I’ve been looking for a good project that would be useful for the Rails
community. This might be it. Create a Gem that would make these site
maps automatically.
The basic idea would be that you install this gem and it would (by some
still TBD method) discover all of a site’s pages (including those that
are dynamically created based on database tables, like product listings)
and create the sitemap.
This posting is just to test the waters and see if there is sufficient
interest in this and also to invite you all to provide suggestions on
how it might be done and what sort of configuration would be needed etc.
thanks,
jp
This posting is just to test the waters and see if there is sufficient
interest in this and also to invite you all to provide suggestions on
how it might be done and what sort of configuration would be needed etc.
Jeff, this would be useful but I’m wondering if a gem is the right
distribution format. I think of gems as akin to libraries; methods I’ll
use again and again to do stuff. One needs to generate updated sitemaps
periodically, but I don’t think of a sitemap generator as a library I’d
call much. Could it be that a Rails-aware utility – rake task perhaps?
– might be the a more appropriate form?
Or are you thinking about folks who want to write Web apps that do
things with sitemaps, in which case I’ve completely missed the point?
/afb
Adam B. wrote:
This posting is just to test the waters and see if there is sufficient
interest in this and also to invite you all to provide suggestions on
how it might be done and what sort of configuration would be needed etc.
Jeff, this would be useful but I’m wondering if a gem is the right
distribution format. I think of gems as akin to libraries; methods I’ll
use again and again to do stuff. One needs to generate updated sitemaps
periodically, but I don’t think of a sitemap generator as a library I’d
call much. Could it be that a Rails-aware utility – rake task perhaps?

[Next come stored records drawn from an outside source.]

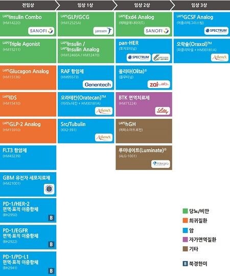 이번에 공개된 한미약품의 23개 파이프라인은 바이오신약 14개·합성신약 9개로 구성됐으며, 전임상 단계에 있는 신규 후보물질 9개가 추가됐다. 신규 후보물질에는 바이오신약의 약효를 늘려주는 플랫폼 기술 '랩스커버리'가 적용된 희귀질환 치료제와 북경한미약품이 개발한 플랫폼 기술 '펜탐바디'가 적용된 면역표적항암 이중항체 프로젝트 등이 포함됐다. 또 오픈이노베이션 전략의 일환으로 아주대학교 연구진과 공동개발 중인 줄기세포를 활용한 항암신약 파이프라인도 신규 등재했다.
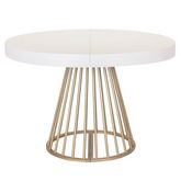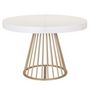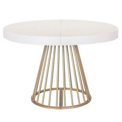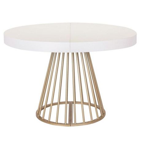 Informations Techniques : Dimensions : L. 110 x l. 110-160-210-260 x H. 76 cm Matières : MDF & Métal Spécificités : Naturel & Moderne Table de Repas design Extensible Forme Ronde Convient pour 12 Couverts À monter soi-même Nombre de colis : 3 Couleur : Blanc
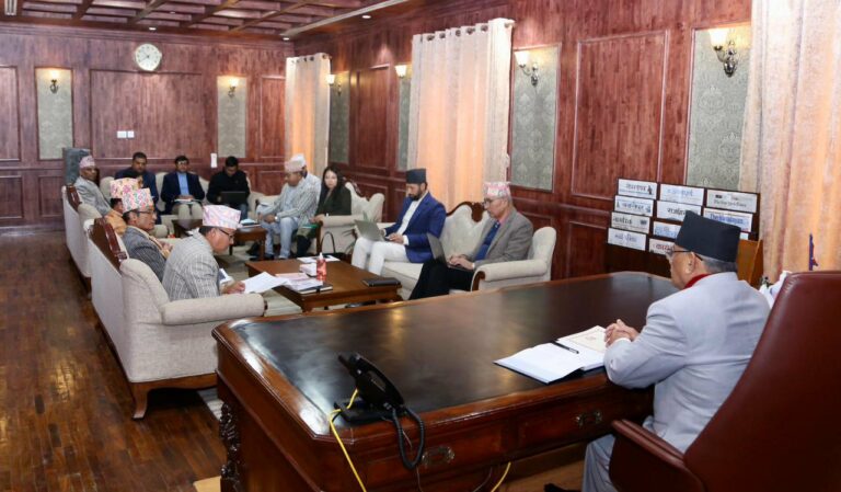 उपप्रधानमन्त्री तथा अर्थमन्त्री विष्णुप्रसाद पौडेल र उपप्रधानमन्त्री तथा गृहमन्त्री रवि लामिछाने र सरकारका मुख्यसचिव शङ्करदास वैरागीको उपस्थिति रहेको थियो । सो भेटघाटमा राष्ट्रियसभाको रिक्त सदस्यको निर्वाचन, राष्ट्रपति तथा उपराष्ट्रपति पदको निर्वाचन र एकीकृत निर्वाचन कानुनका विषयलगायत समसामयिक विषयमा छलफल तथा परामर्श भएको थियो ।
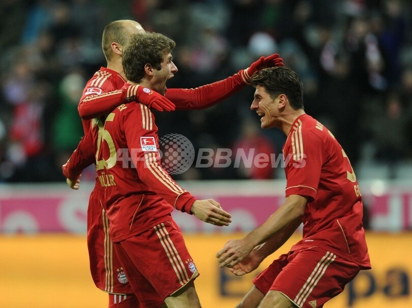 後半3分にマリオ・ゴメス(Mario Gomez)のリーグ戦16試合で16得点目となるゴールで先制したバイエルンは、同18分には途中交代で出場したデヴィッド・アラバ(David Alaba)が追加点を挙げると、終盤にはトニ・クロース(Toni Kroos)の得点でとどめを刺した。(c)AFP
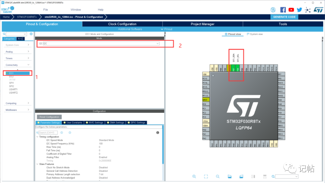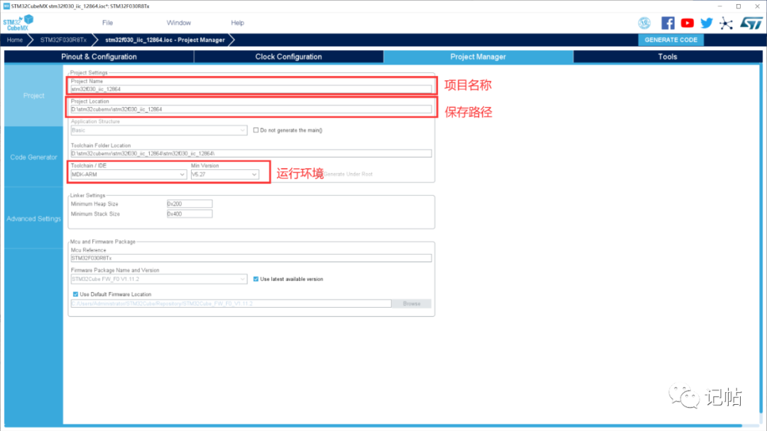 使用STM32CUBEMX选择芯片stm32f030r8,如下所示:
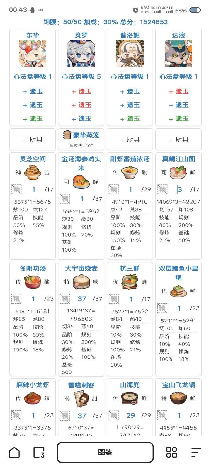 全拉满306w分,不过排名没奖励,还是少做点省食材。
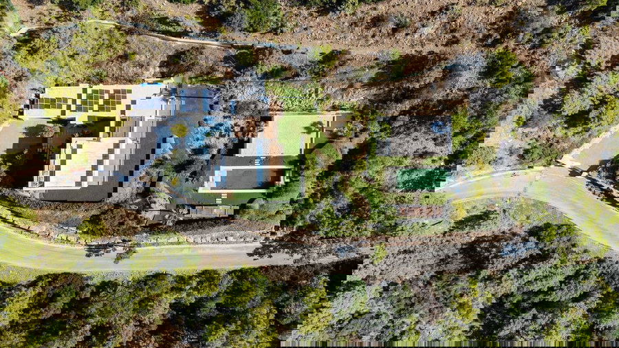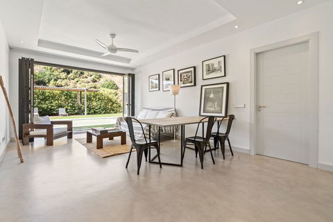 An independent guest house mirrors the same level of detail and serenity, offering two bedrooms with private bathrooms, a kitchen, and its own living area, ideal for visitors or extended family.
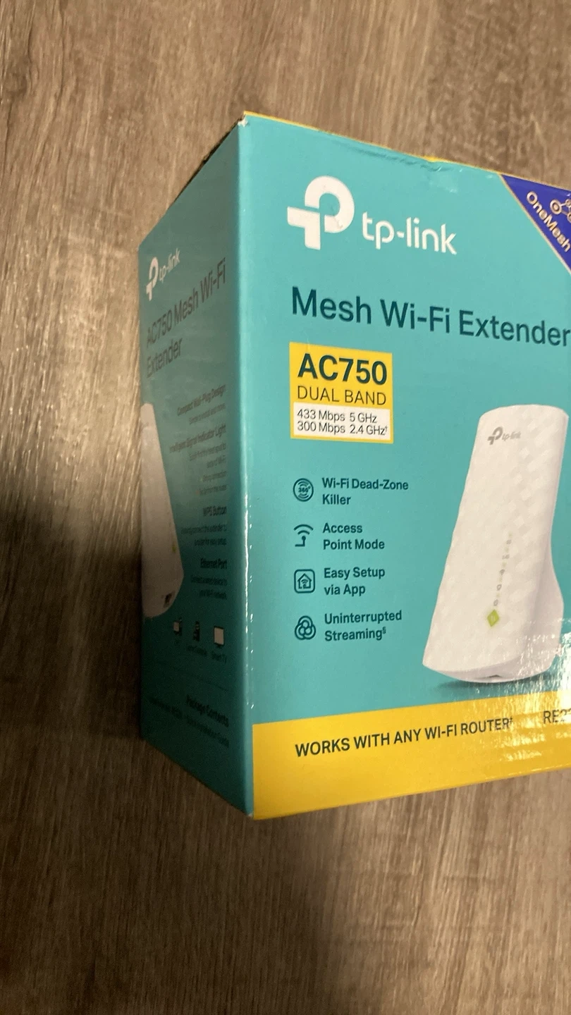 Selling a TP-Link AC750 Mesh Wi-Fi Extender! It's dual band, offering 433 Mbps at 5 GHz and 300 Mbps at 2.4 GHz. It works with any Wi-Fi router and is designed to eliminate dead zones. Easy setup via app and uninterrupted streaming! The box is included too
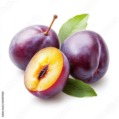 Fresh and Juicy Purple Plums with Green Leaves on White Background
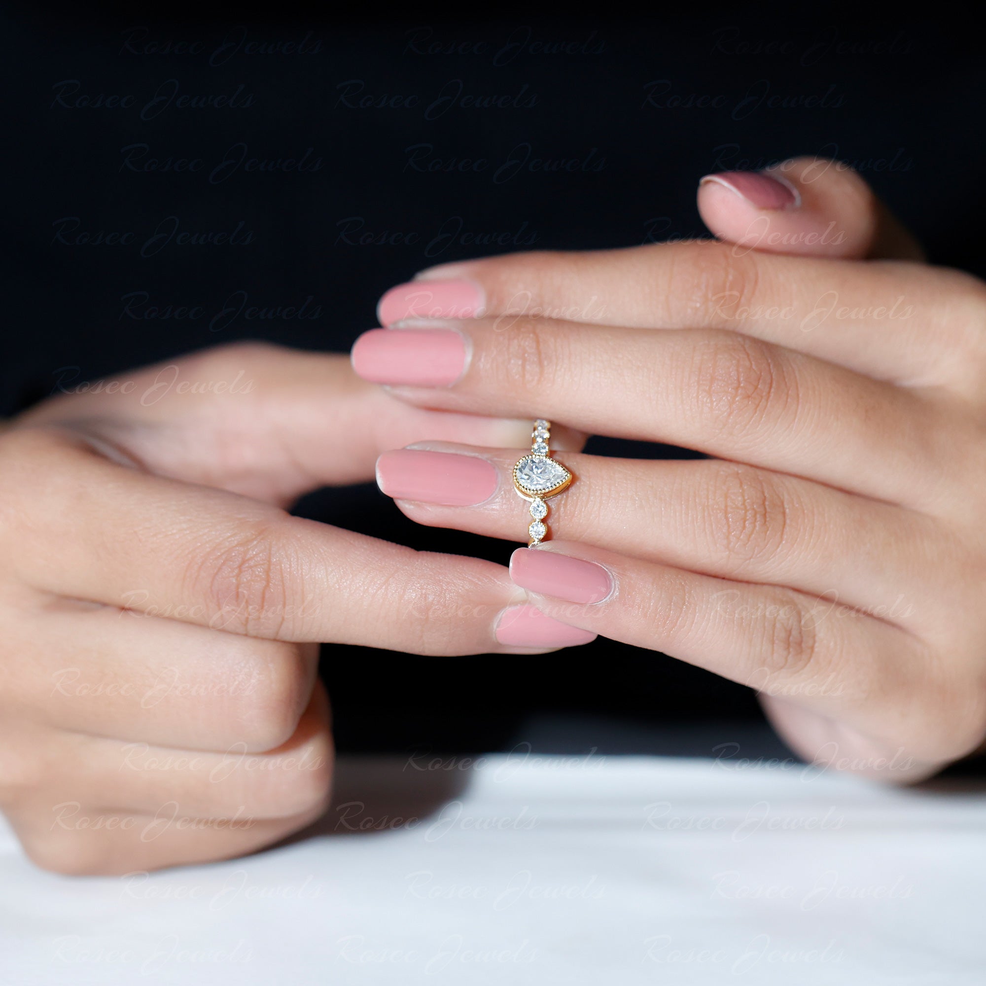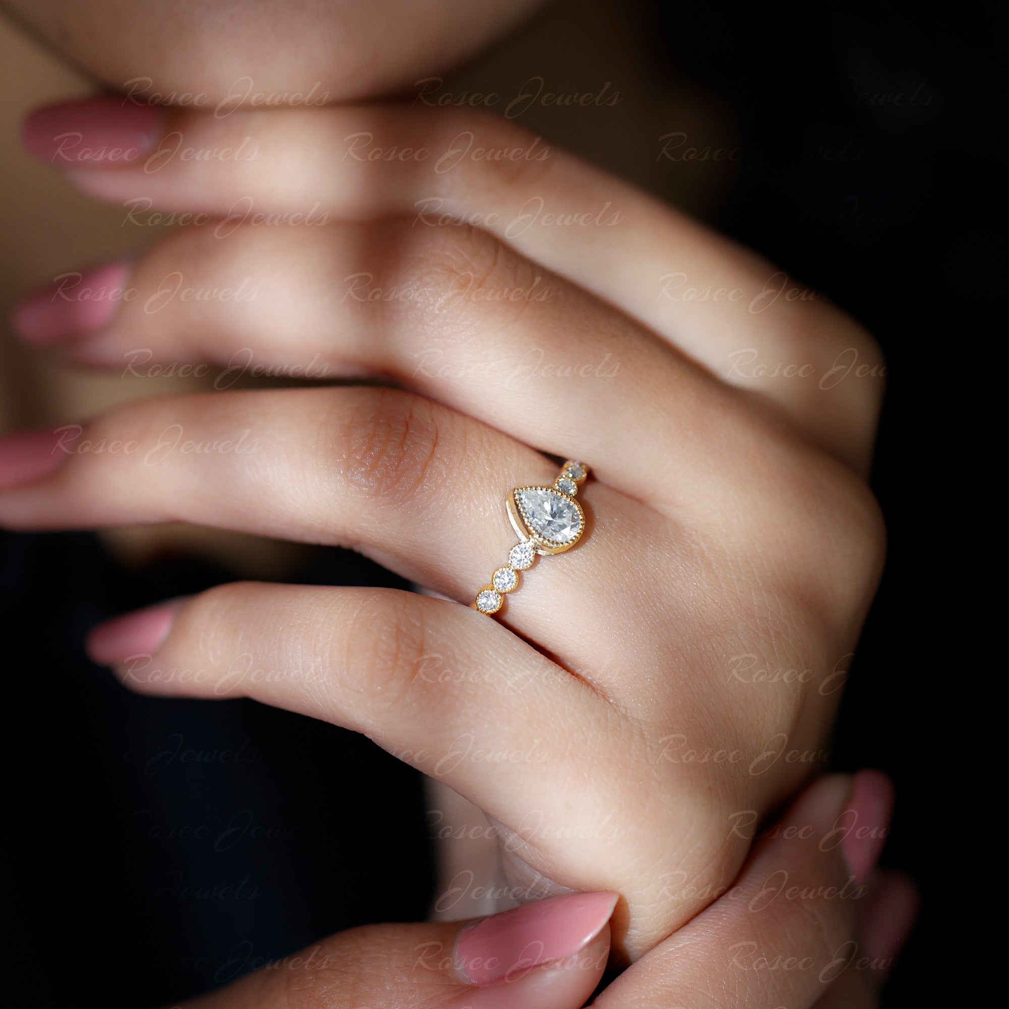 When words fall short, let this Teardrop Engagement Ring express everything your heart wants to say. At the heart of this elegant piece is a stunning 5X7 MM pear shaped moissanite, gracefully set to capture light and attention from every angle. Flanking the center stone are brilliant round cut moissanites, adding a gentle cascade of sparkle that elevates the ring’s brilliance to new heights. Each stone is nestled securely in beaded bezel setting, blending timeless charm with a touch of modern sophistication. The delicate beadwork framing each gem adds a rich, vintage-inspired texture while offering extra protection for everyday wear. This Moissanite Engagement Ring shimmers with just the right amount of luxury, without being too bold or too subtle. This Solitaire Moissanite Ring is a budget-friendly alternative to natural diamonds that doesnt compromise on sparkle or symbolism, making it ideal for the bride-to-be who dreams of something unique yet classic. Whether you are planning a proposal or looking for a heartfelt anniversary gift, this Pear Shaped Engagement Ring is a romantic gesture that will be treasured for years to come.

– might be the a more appropriate form?
Or are you thinking about folks who want to write Web apps that do
things with sitemaps, in which case I’ve completely missed the point?
/afb
Hi Adam,
I understand what you’re saying, but I’m thinking of a more automated
site map updater that would take into account things being added to the
database that cause new pages to be available. You’re thinking of a
more static site I think, where the developer defines a set of pages and
that’s that. I’m thinking of a site where new blog entries or new
products added to the store, etc. would create new “pages” that the site
owner would want to have added to their site map automatically.
thanks,
jp
Jeff P. wrote:
I’m thinking of a site where new blog entries or new
products added to the store, etc. would create new “pages” that the site
owner would want to have added to their site map automatically.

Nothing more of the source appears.